Items from a data source
____________
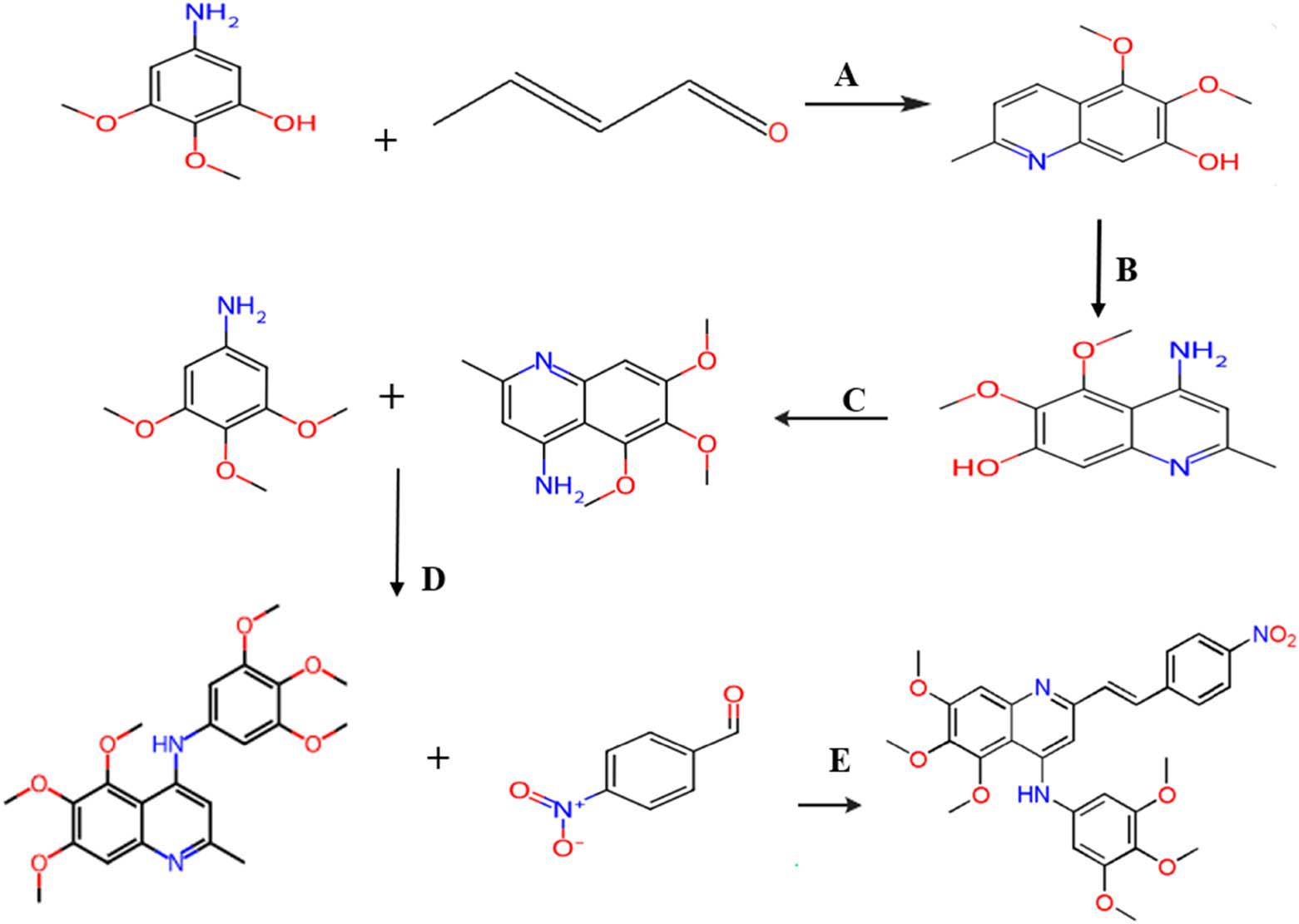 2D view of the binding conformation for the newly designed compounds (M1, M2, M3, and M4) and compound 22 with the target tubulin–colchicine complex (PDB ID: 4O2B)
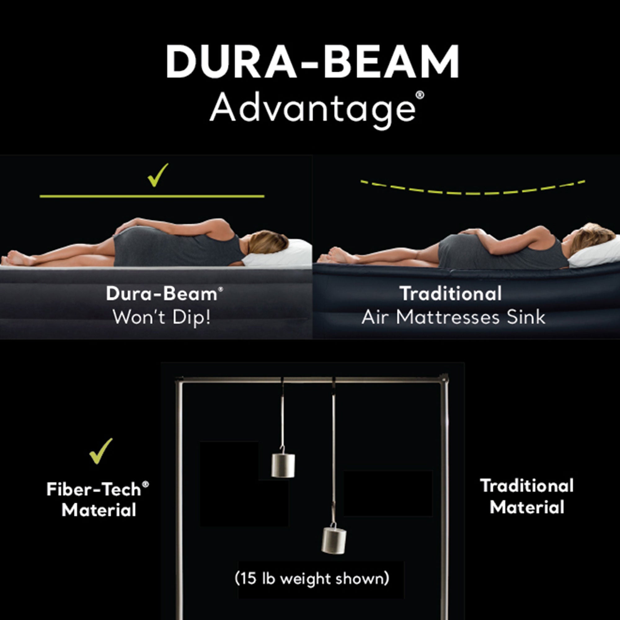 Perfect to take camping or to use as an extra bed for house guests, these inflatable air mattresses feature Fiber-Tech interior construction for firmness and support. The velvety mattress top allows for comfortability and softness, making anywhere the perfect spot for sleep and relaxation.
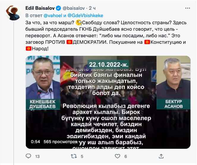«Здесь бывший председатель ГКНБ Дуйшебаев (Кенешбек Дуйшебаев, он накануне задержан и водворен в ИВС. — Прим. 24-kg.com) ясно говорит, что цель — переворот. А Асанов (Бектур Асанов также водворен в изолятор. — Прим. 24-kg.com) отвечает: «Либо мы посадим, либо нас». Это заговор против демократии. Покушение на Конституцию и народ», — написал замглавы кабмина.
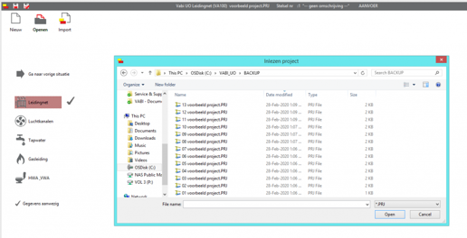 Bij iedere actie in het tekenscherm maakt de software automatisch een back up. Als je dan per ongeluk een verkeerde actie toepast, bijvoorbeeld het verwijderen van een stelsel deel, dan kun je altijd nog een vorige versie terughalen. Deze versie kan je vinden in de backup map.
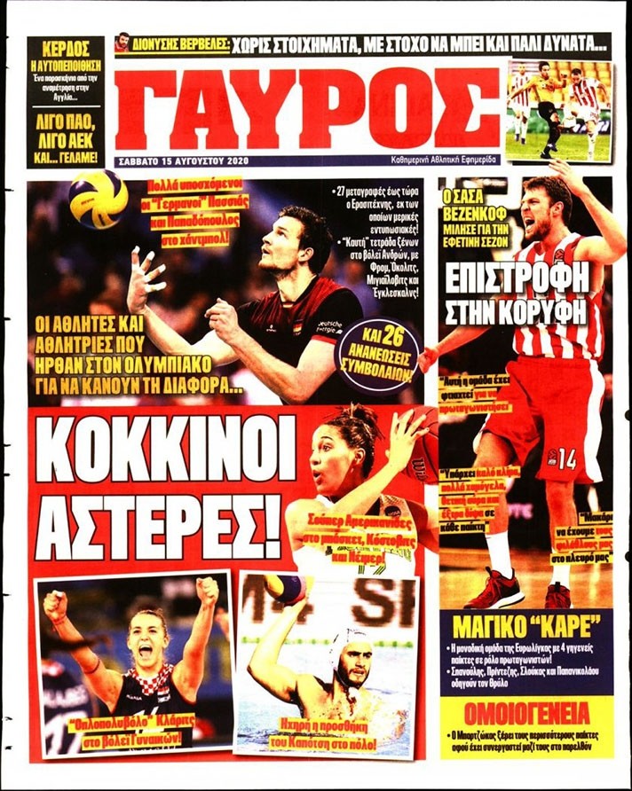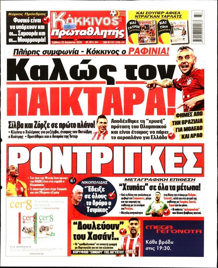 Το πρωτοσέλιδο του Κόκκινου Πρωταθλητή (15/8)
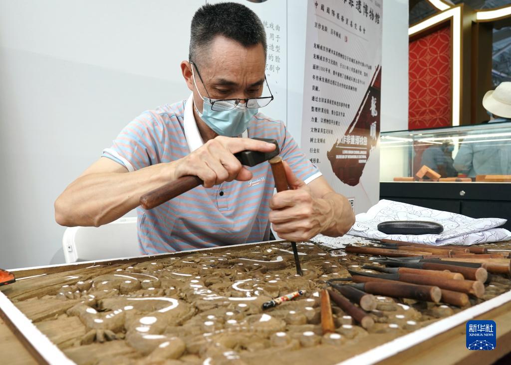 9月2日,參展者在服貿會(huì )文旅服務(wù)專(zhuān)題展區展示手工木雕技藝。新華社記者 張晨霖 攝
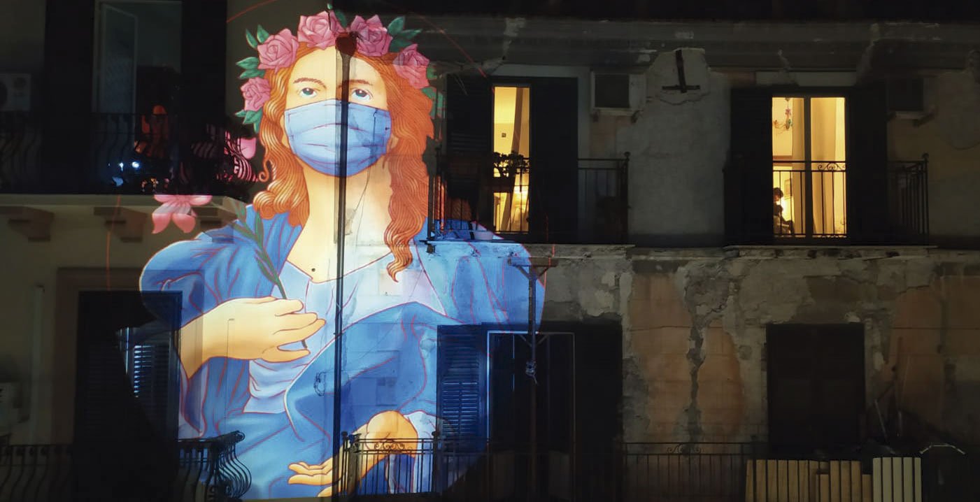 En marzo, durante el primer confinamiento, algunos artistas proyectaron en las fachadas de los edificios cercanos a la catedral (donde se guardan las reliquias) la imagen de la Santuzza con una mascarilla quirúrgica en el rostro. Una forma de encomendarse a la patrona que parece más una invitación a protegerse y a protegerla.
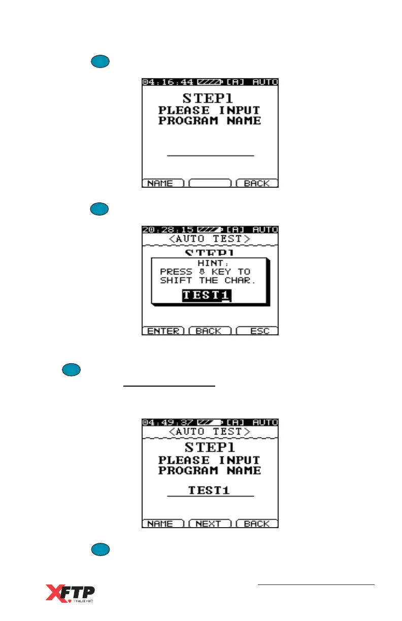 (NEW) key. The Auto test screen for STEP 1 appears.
____________
### Work task
I would like the data copied exactly as it stands, with no pictures included.

### Solution to the exercise
 2D view of the binding conformation for the newly designed compounds (M1, M2, M3, and M4) and compound 22 with the target tubulin–colchicine complex (PDB ID: 4O2B)
 Perfect to take camping or to use as an extra bed for house guests, these inflatable air mattresses feature Fiber-Tech interior construction for firmness and support. The velvety mattress top allows for comfortability and softness, making anywhere the perfect spot for sleep and relaxation.
«Здесь бывший председатель ГКНБ Дуйшебаев (Кенешбек Дуйшебаев, он накануне задержан и водворен в ИВС. — Прим. 24-kg.com) ясно говорит, что цель — переворот. А Асанов (Бектур Асанов также водворен в изолятор. — Прим. 24-kg.com) отвечает: «Либо мы посадим, либо нас». Это заговор против демократии. Покушение на Конституцию и народ», — написал замглавы кабмина.
 Bij iedere actie in het tekenscherm maakt de software automatisch een back up. Als je dan per ongeluk een verkeerde actie toepast, bijvoorbeeld het verwijderen van een stelsel deel, dan kun je altijd nog een vorige versie terughalen. Deze versie kan je vinden in de backup map.
 Το πρωτοσέλιδο του Κόκκινου Πρωταθλητή (15/8)
 9月2日,參展者在服貿會(huì )文旅服務(wù)專(zhuān)題展區展示手工木雕技藝。新華社記者 張晨霖 攝
 En marzo, durante el primer confinamiento, algunos artistas proyectaron en las fachadas de los edificios cercanos a la catedral (donde se guardan las reliquias) la imagen de la Santuzza con una mascarilla quirúrgica en el rostro. Una forma de encomendarse a la patrona que parece más una invitación a protegerse y a protegerla.
 (NEW) key. The Auto test screen for STEP 1 appears.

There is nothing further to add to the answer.